Gladwell on rankings

An abstract of Malcolm Gladwell's article,  The Order of Things (the subtitle is What College Rankings Really Tell Us) is available at the New Yorker.  The full article is available only with subscription. From the abstract:

The U.S. News & World Report’s annual “Best Colleges” guide is run by Robert Morse, whose six-person team operates out of a small office building in the Georgetown neighborhood of Washington, D.C. Over the years, Morse’s methodology has steadily evolved, and the ranking system looks a great deal like the Car and Driver methodology. It is heterogeneous. It aims to compare Penn State—a very large, public, land-grant university with a low tuition and an economically diverse student body—with Yeshiva University, a small, expensive, private Jewish university. The system is also comprehensive. Discusses suicide statistics. There’s no direct way to measure the quality of an institution, so the U.S. News algorithm relies instead on proxies for quality—and the proxies for educational quality turn out to be flimsy at best. Describes the reputation score and reputational biases. Mentions Michael Bastedo. Jeffrey Stake, a professor at the Indiana University law school, runs a Web site called the Ranking Game, which demonstrates just how subjective rankings are. There are schools that provide a good legal education at a decent price, and, by choosing not to include tuition as a variable, U.S. News has effectively penalized those schools for trying to provide value for the tuition dollar. The U.S. News ranking turns out to be full of these kinds of implicit ideological choices.

Here is the Ranking Game site run by Jeffrey Stake, mentioned above, where you can learn how ranking works using the applet and ranking law schools.

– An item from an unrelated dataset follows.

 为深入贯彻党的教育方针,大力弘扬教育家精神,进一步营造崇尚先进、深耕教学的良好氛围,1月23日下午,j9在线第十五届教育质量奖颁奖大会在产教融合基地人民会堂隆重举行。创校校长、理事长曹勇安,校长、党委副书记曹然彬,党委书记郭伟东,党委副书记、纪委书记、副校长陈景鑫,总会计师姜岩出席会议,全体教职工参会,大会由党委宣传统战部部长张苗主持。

Ranking schools this way is problematic but even more awful is the ranking of students within schools, by grading and sorting, and the impact of this on children.  The social climate we provide for children is far, far more negative than what was happening 100 years ago.
I said it this way about a year ago:
The emphasis on ranking was far less when the public school system was begun.  The majority of people had strong communities and were not vocationally dependent on school rankings to make a life for themselves.  Agriculture and small business provided most of their vocations though schools began to make more and more workers for the industrialized state.  Early on, there was more situational padding for the pernicious effects of ranking on students than there is today when the majority now depend on schools for vocational training.  And efforts to make institutions that thrived within a social structure that has disappeared now concentrate on increased policing and a mistaken attempt to measure learning itself instead of providing a social service.